This figure is around 8.3% of the current global population, and would constitute a death count higher than the combined death toll from World War 1, World War 2, the Mongol Conquests, the Taiping rebellion, the Transition from Ming to Qing, and the Three Kingdoms Civil war.
(Note that, although we are counting deaths from old age in this case, these deaths are comparable to deaths in war from a years of life lost perspective, if you assume that AI-accelerated medical breakthroughs will likely greatly increase human lifespan.)
From the perspective of an individual human life, a 1% chance of death from AI is significantly lower than a 8.3% chance of death from aging—though obviously in the former case this risk would apply independently of age, and in the latter case, the risk would be concentrated heavily among people who are currently elderly.

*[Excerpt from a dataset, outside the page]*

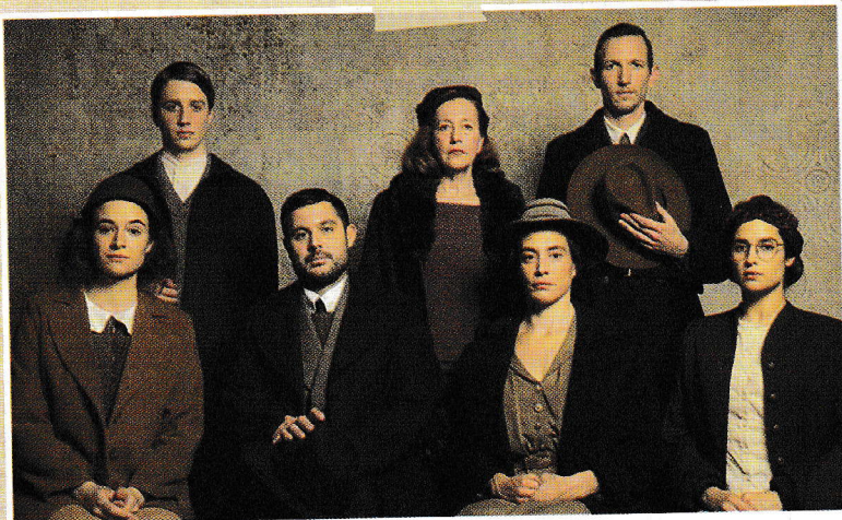
Po knjigi Dnevnik Ane Frank je bilo že veliko uprizoritev. Na fotografiji je uprizoritev v ljubljanskem Mini teatru iz lanskega leta.

hiše, spredaj so bili poslovni prostori očetovega nekdanjega podjetja za predelovanje sadja. Nenehno so morali paziti, da šepetajo, ne kihajo, hodijo tiho in se ne izdajo. Zato je bil dnevnik Ani največja opora. Na prvo stran je zapisala: »Oh, kako sem vesela, da sem te vzela s seboj!« Dnevnik je napisan v obliki pism namišljeni prijateljici Kitty. Vsebuje smešne in žalostne stvari. Piše o vsem – o nizozemskem vsakdanjem življenju, dogodkih, povezanih z vojno, odnosih med ljudmi v skrivališču in o svojem odrasčanju. Tako si lajša osamljenost in utesnenost. Spoznava, da se v prisiljeni zaprtosti , v kateri se z družino znajdejo, slišijo žaljive besede in nestrpnost. Piše o tem, kako v teh zahtevnih okoliščinah dojema svoje telo, mladostništvo, potrebo po nežnosti, prijateljstvu. Opisuje zahtevne odnose z mamo – v največjo oporo ji je oče. In ja, piše tudi o ljubezni. Težko ji je – navajena je na drugačno življenje. Vendar – čuti varnost in zaradi tega je hvaležna. Svoje življenje zdaj razume kot priložnost za spoznavanje realnosti: »Ano, šolarko prejšnjega časa, zdaj vidim kot očarljivo, a zelo površno dekle, ki nima nič več skupnega z mano ...« Ko postane bolj resna, se začne zavedati želje po lepoti in dobroti. Razmere jo oblikujejo v odgovorno osebo. Večino svojega časa v skrivališču namenja svojemu dnevniku – branju, pisanju in urejanju zapisov v njem. Želi postati novinarka, uživa v pisanju: »Če se bo izkazalo, da nimam talenta za pisanje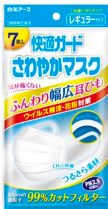
レギュラーサイズ

Even a briefer pause lasting just two years, while still cutting risk in half, would not survive this basic cost-benefit test. Of course, it's true that it's difficult to directly compare the individual personal costs from AI existential risk to the diseases of old age. For example, AI existential risk has the potential to be briefer and less agonizing, which, all else being equal, should push us to favor it. On the other hand, most people might consider death from old age to be preferable since it's more natural and allows the human species to continue.
Nonetheless, despite these nuances, I think the basic picture that I'm presenting holds up here: under typical assumptions (such as the ones you gave three years ago), a purely individualistic framing of the costs and benefits of AI pause do not clearly favor pausing, from the perspective of people who currently exist. This fact was noted in Nick Bostrom's original essay on Astronomical Waste, and more recently, by Chad Jones in his paper on the tradeoffs involved in stopping AI development.

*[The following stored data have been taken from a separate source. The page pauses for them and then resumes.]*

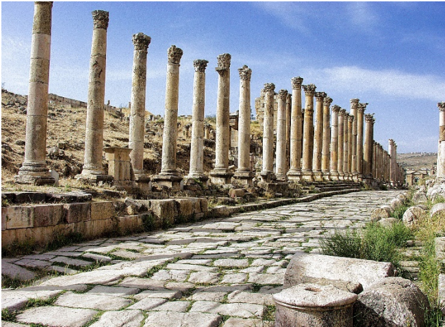
Kolonnadenstraße in Gerasa

Linienflug mit Royal Jordanian von Frankfurt nach Amman (Rail & Fly Bahnreise ab allen deutschen Bahnhöfen auf Anfrage). Nach der Ankunft am Abend erfolgt der Transfer zu Ihrem Hotel in Amman, Standort für die ersten 3 Übernachtungen. Zimmerbezug und Abendessen im Hotel.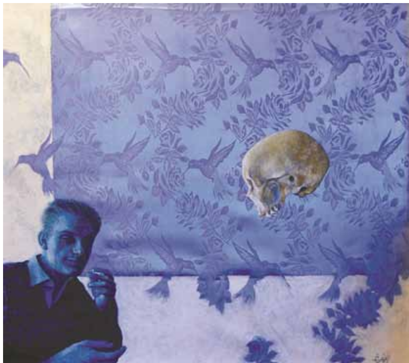
Albin, dialog 77x77cm, mešana tehnika, 2011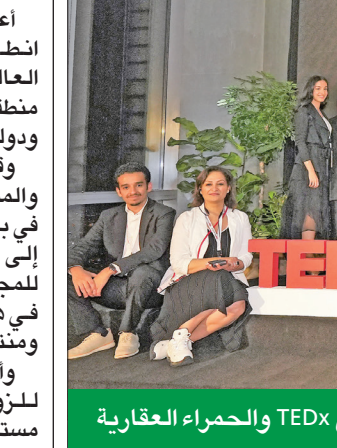
فريق TEDx والمعرض العقارية

وأضافت الذهب أن الحدث أضفى وجهة مميزة للزوار ينظم من قبل شركة المعرض سنوياً، مستقطباً العديد من الشركات الدولية المشاركة عبر مختلف البلدان منها الإمارات، والبحرين، والولايات المتحدة الأمريكية، وإيطاليا، والهند، وتركيا، ولبنان، وهونغ كونغ، وتايوان، ما يساهم أيضاً في تعزيز التبادل التجاري بين الدول، وأشار إلى أن المعرض يسعى إلى تعزيز الابتكار والإبداع في صناعة المجوهرات، وتعزيز قدرات المصممين المحليين، وتوفير الفرص لعرض التصاميم والتعرف على ما هو جديد في الصناعة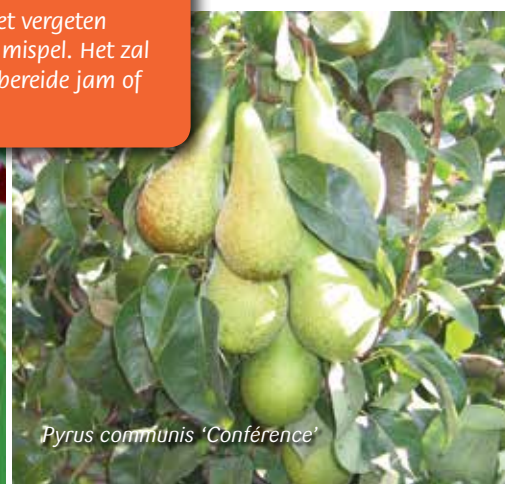
Pyrus communis 'Conférence'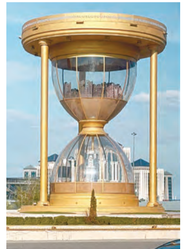
Символическая инсталляция на въезде в Грозный

В Чечне достаточно строгие нормы поведения, на улицах нет мусора. Там не принято курить в обще-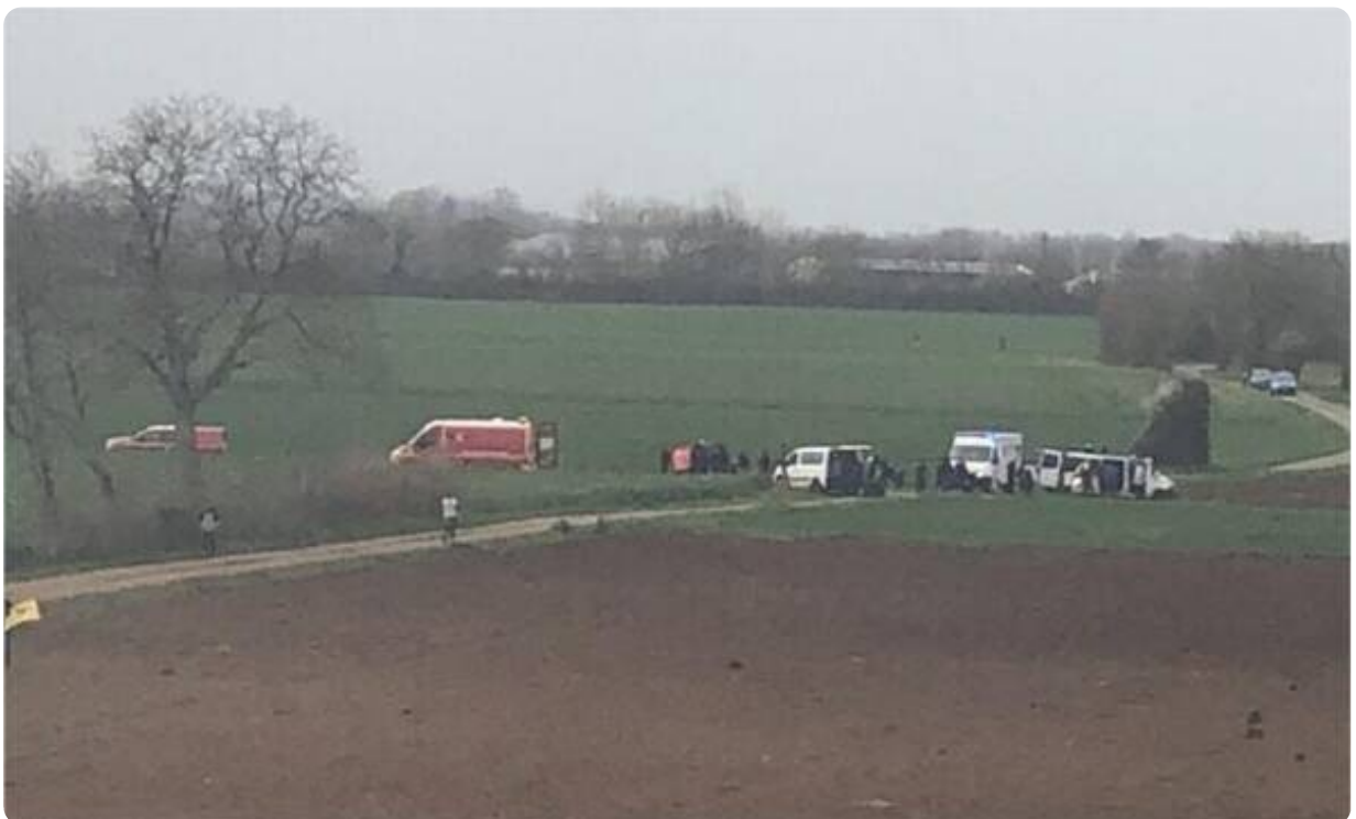
Les ambulances stationnées à côté du site.

Selon la gendarmerie, la dispersion des manifestants a été une nouvelle fois ordonnée alors que les services de secours ont des difficultés à accéder aux blessés et qu'au moins quatre ambulances sont stationnées aux abords du site.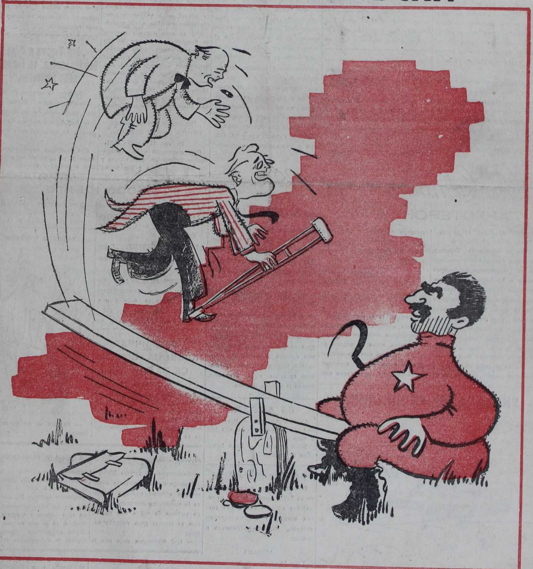
»Ако се у савезничком троуглу две стране сложе по неком питању, онда трећа мора да се повинује«, — рекао је Черчил између осталог у свом последњем говору.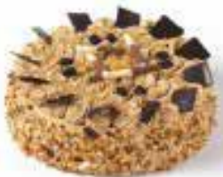
Mokkataart voor 12 personen € 33,42

For your broader point of impartiality, I feel like you are continuing to assume some bizarre form of moral realism and I don't understand the case. Otherwise, why do you not consider rocks to be morally meaningful? Why is a plant not valuable?
Traditionally, utilitarianism regards these things (rocks and plants) as lacking moral value because they do not have well-being or preferences. This principle does not clearly apply to AI, though it's possible that you are making the assumption that future AIs will lack sentience or meaningful preferences. It would be helpful if you clarified how you perceive me to be assuming a form of moral realism (a meta-ethical theory), as I simply view myself as applying a standard utilitarian framework (a normative theory).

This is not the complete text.